Fig. 5: ML-323-induced increased AMPK phosphorylation triggers protective autophagy and reduces cell apoptosis.

A, B Flow cytometry analysis of apoptosis was using Annexin V-FITC /PI double-staining kits. Blocking AMPK with the inhibitor CC promoted ML-323-induced apoptosis. HCCLM3 and SMMC-7721 cells were treated with ML-323 alone or in combination with DMSO or CC. Statistical analysis was conducted. C Cell-counting kit-8 (CCK-8) showing the cell viability of CC and ML-323-treated HCC cells. Blocking AMPK phosphorylation enhances the effect of ML-323 on HCC cell viability.
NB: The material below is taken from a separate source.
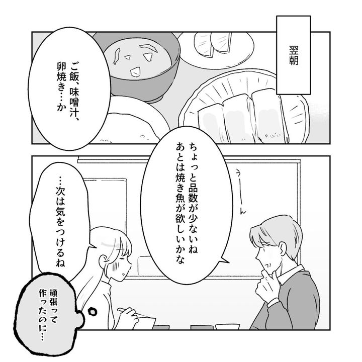 和男さんのリクエスト通りの和食を用意した私。すると、「ご飯、味噌汁、卵焼き・・か。うーん・・ちょっと品数が少ないね。あとは焼き魚が欲しいかな」といきなりのダメ出し。「・・次は気をつけるね」と答えつつ、「頑張って作ったのに・・」と全く褒めてくれない和男さんに対して心の中で呟きました。
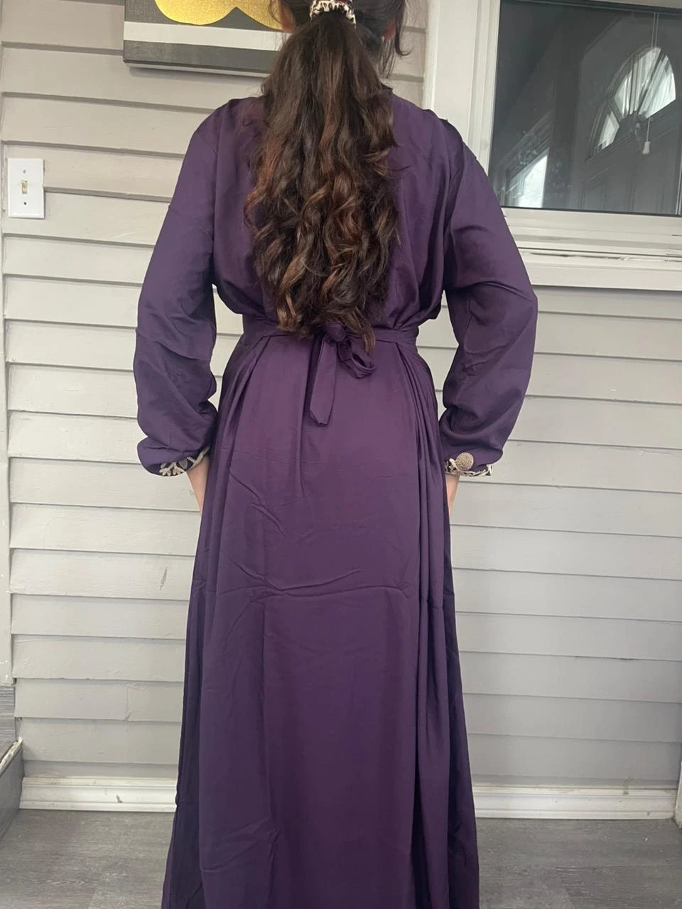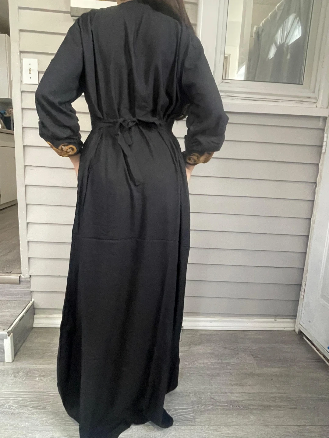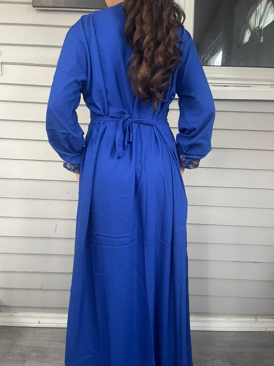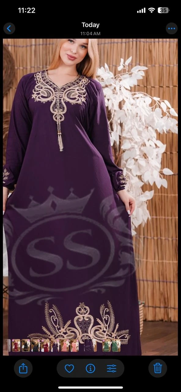 Flowy, long-sleeved kaftan dress with intricate gold embroidery. Features a v-neckline with tassel detail. Available in multiple colours. Perfect for special occasions or everyday elegance!

HCCLM3 and SMMC-7721 cells were treated with ML-323 alone or in combination with DMSO or CC. D Western blot analysis of HCCLM3 and SMMC-7721 cells treated with ML-323 alone or in combination with DMSO or CC. Data represent at least three independent experiments (n = 3; error line, SD). E Western blot analysis of L3CB in HCCLM3 and SMMC-7721 cells treated with ML-323 alone, or in combination with CQ or BafA1. CQ or BafA1 inhibits LC3B degradation. F CCK-8 showing the cell viability of HCCLM3 and SMMC-7721 cells treated with ML-323 alone, or in combination with CQ or BafA1. Autophagy inhibition increases the ML-323 induced growth inhibition of hepatoma cells. G Annexin V-FITC/ PI double-staining showing the effect of the inhibition of autophagy in HCCLM3 and SMMC-7721 cells treated with ML-323 alone, or in combination with CQ or BafA1. H Western blot analysis of cleaved-PARP and caspase 3 in HCCLM3 and SMMC-7721 cells treated with ML-323 alone, or in combination with CQ or BafA1. Data are representative of at least three independent experiments (n = 3; error bars, SD).